Decreasing performance writing large binary file - c++

In one of our softwares we are creating records and storing them in a binary file. Once the writing operation is completed we read back this binary file. The issue is if this binary file is less than 100 MB then its performance is good enough, but once this file grows larger its performance is hit.
So, I thought of splitting this large binary file ( > 100 MB) into smaller ones ( < 100 MB). But it seems this solution is not gaining the performance. So, I was just thinking what can be the better approach to handle this scenario?
It will be really great help from you guys to comment on this.
Thanks

Maybe you could try using an Sqlite database instead.
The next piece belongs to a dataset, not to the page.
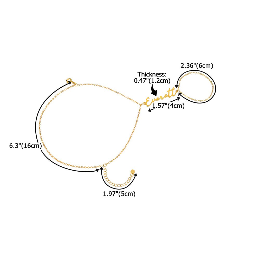 Esta cadena de mano presenta un diseño integrado que conecta con elegancia una pulsera con un anillo, personalizado con un nombre en una delicada fuente de letra de inspiración bohemia. Disponible en tres acabados clásicos, acentúa con gracia el contorno de la mano, realzando el encanto femenino a la vez que crea un distintivo de moda que es exclusivamente tuyo.

It is always quite the difficult to provide accurate answers with only a glimpse of the system, but have you actually tried to check the actual throughput ?
As a first solution, I would simply recommend using a dedicated disk (so there are no concurrent read/write actions from other processes), and a fast one at that. This way it would be just some cost of hardware upgrade, and we all know hardware is usually cheaper that software ;) You may even go to a RAID controller for maximizing throughput.
If you are still limited by the disk throughput, there are new technologies out there using the Flash technology: USB keys (though it may not seem very professional) or the "new" Solid State Drives may provide more throughput than a mechanical disk.
Now, if the disks approach are not fast enough or you can't get your hands on good SSDs, you have other solutions, but they involve software changes, and I propose them off the top of my hat.
A socket approach: the second utility is listening on a port and you send it the data there. On a local machine it's relatively fast, and you parallelize the work too, so even if the size of the data grows, you will still begin treating fairly quickly.
A memory mapping approach: write to a dedicated area in live memory and have the utility read from that area (Boost.Interprocess may help, there are other solutions).
Note that if the read is sequential, I find it more "natural" to try a 'pipe' approach (ala Unix) so that the two processes execute concurrently. In a traditional pipe, the data may not hit the disk after all.
A shame, isn't it, that in this age of overwhelming processing power, we are still struggling with our disk IO ?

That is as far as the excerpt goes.